Example 2. In Example 1, 2.79 g (16.8 mmol) of 3-noradamantanecarboxylic acid and 5,6-diamino-1- (4-benzyloxycarbonylaminophenethyl) -obtained in Reference Example 1 were used. Instead of 6.12 g (14.0 mmol) of 3-propyluracil, 0.40 g (2.41 mmol) of 3-noradamantanecarboxylic acid and 5,6-diamino-3- (4-benzyloxycarbonylaminophenethyl) obtained in Reference Example 2 were obtained. According to the method of Example 1, except that 0.87 g (2.01 mmol) of -1-propyluracil was used, 3- (4-aminophenethyl) -8- (3-
0.32 g (yield 37%) of noradamantyl) -1-propylxanthine (Compound 2) was obtained.

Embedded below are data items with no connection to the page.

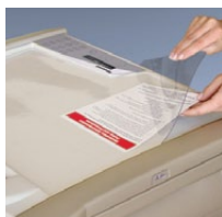
Clear Top Mat
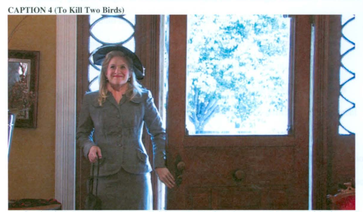
In Caption 3 Christmas decorations are plainly seen on the front door toward the center of the frame. In Caption 4, taken from a scene shot three months prior, there is not even a hint of the garland that is draping either side of the door in Caption 3.
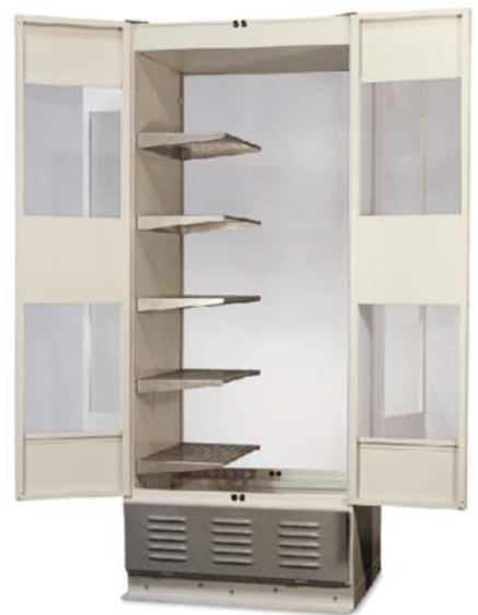
Model 340 Configuration with Half-Width Shelving Option
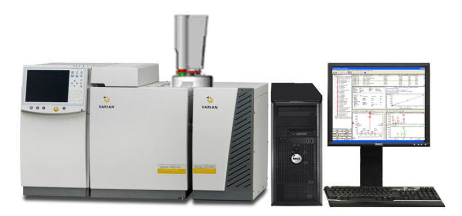
Figure 2 Layout for the GC/MS with the 450-GC

In Figure 2, the 450-GC is to the left of the MS to allow the transfer line to connect from the GC to the GC/MS. The bench must be long enough and strong enough to support the weight of the system and any additional equipment see Table 3, and Table 4. The bench must be at least 84 cm (33 in.) deep.
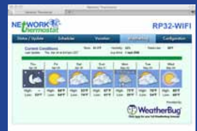
Quickly Make Adjustments Based on Your Needs
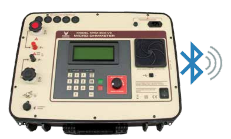
Model MRM-200-V2 200 Amps
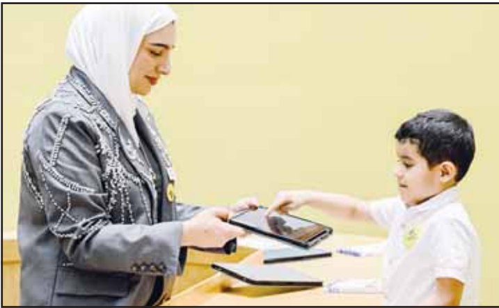
Zain continues its efforts to digitally empower the next generation.

Another milestone reinforcing company's role as a key enabler of Kuwait's digital future
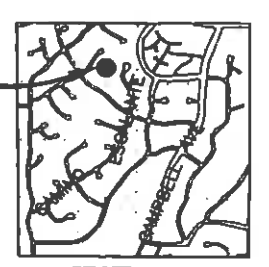
SECTION 08 G&SRM PIMA COUNTY, ARIZONA
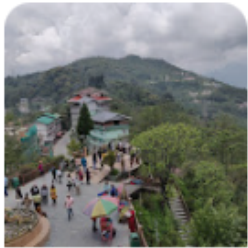
Tashi View Point

Gangtok, city, capital of Sikkim state, northeastern India. It lies at an elevation of about 5,600 feet (1,700 metres) on a tributary of the Tista River in the southeast-central part of the state. The city's name means "hilltop." Gangtok is situated on slopes rich in corn (maize). It was the government seat of the state of Sikkim until the monarchy was abolished (1975) and Sikkim was incorporated into India (1976). The city's population includes Nepalese, Tibetans, Lepchas, and Indians. In the early 21st century several communities surrounding Gangtok were administratively merged under the Gangtok Municipal Corporation, greatly increasing the city's area and its population. Gangtok serves as a market centre for maize, rice, pulses, and oranges. It was an important point on the Indo-Tibetan trade route through the Nathu Pass (Nathu-la), 13 miles (21 km) to the northeast, until the border with Tibet (China) was closed in 1962. However, the pass was reopened for trade in 2006. The North Sikkim Highway (1962) from Gangtok reaches the Tibetan border areas via Lachung and Lachen, and the national highway leads southwest to India.

Melting point: 244.6-245.1 ° C. Elemental analysis value: C ₂₅ H ₃₁ N ₅ O ₂ calculated value (%); C 69.25, H 7.20, N 16.15 measured value (%); C 69.06, H 7.26, N 15.95 IR (KBr) ν _max (cm ^-1 ): 1694, 1657, 1645, 1547, 1
518, 1493 NMR (270MHz; DMSO-d ₆ ) δ (ppm): 12.92 (1H, brs), 6.
87 (2H, d, J = 7.9Hz), 6.48 (2H, d, J = 7.9Hz), 4.87 (2H,
brs), 3.99 (2H, t, J = 7.9Hz), 3.95 (2H, t, J = 7.4Hz),
2.65-2.55 (3H, m), 2.30-2.25 (2H, m), 2.20-2.10 (2H, m
m), 2.00-1.85 (4H, m), 1.75-1.55 (6H, m), 0.87 (3H,
t, J = 7.4Hz) MS (m / e): 433 (M ⁺ )

Example 3. In Example 1, 2.79 g (16.8 mmol) of 3-noradamantanecarboxylic acid and 5,6-diamino-1- (4-benzyloxycarbonylaminophenethyl) -obtained in Reference Example 1 1.12 g (8.0 mmol) of dicyclopropylacetic acid instead of 6.12 g (14.0 mmol) of 3-propyluracil and 5,6-diamino-1- (4-benzyloxycarbonylaminophenethyl) -3 obtained in Reference Example 1 -Propyluracil 2.93g
0.28 g of 3- (4-aminophenethyl) -8-dicyclopropylmethyl-1-propylxanthine (Compound 3) according to the method of Example 1 except that (8.0 mmol) is used.
(Yield 13%) was obtained.

Melting point: 184.7-184.9 ° C. Elemental analysis value: C ₂₃ H ₂₉ N ₅ O ₂ calculated value (%); C 67.78, H 7.17, N 17.19 measured value (%); C 67.95, H 7.37, N 16.97 IR (KBr) ν _max (cm ^-1 ): 1693, 1646, 1552, 1517, 1
495 NMR (270 MHz; DMSO-d ₆ ) δ (ppm): 13.06 (1H, brs), 6.
83 (2H, d, J = 8.3Hz), 6.46 (2H, d, J = 8.3Hz), 4.84 (2H,
brs), 4.11 (2H, t, J = 7.1Hz), 3.83 (2H, t, J = 6.9Hz),
2.79 (2H, t, J = 7.9Hz), 1.60-1.45 (3H, m), 1.30-1.15
(2H, m), 0.86 (3H, t, J = 7.4Hz), 0.65-0.50 (2H, m),
0.40-0.25 (4H, m), 0.25-0.10 (2H, m) MS (m / e): 407 (M ⁺ )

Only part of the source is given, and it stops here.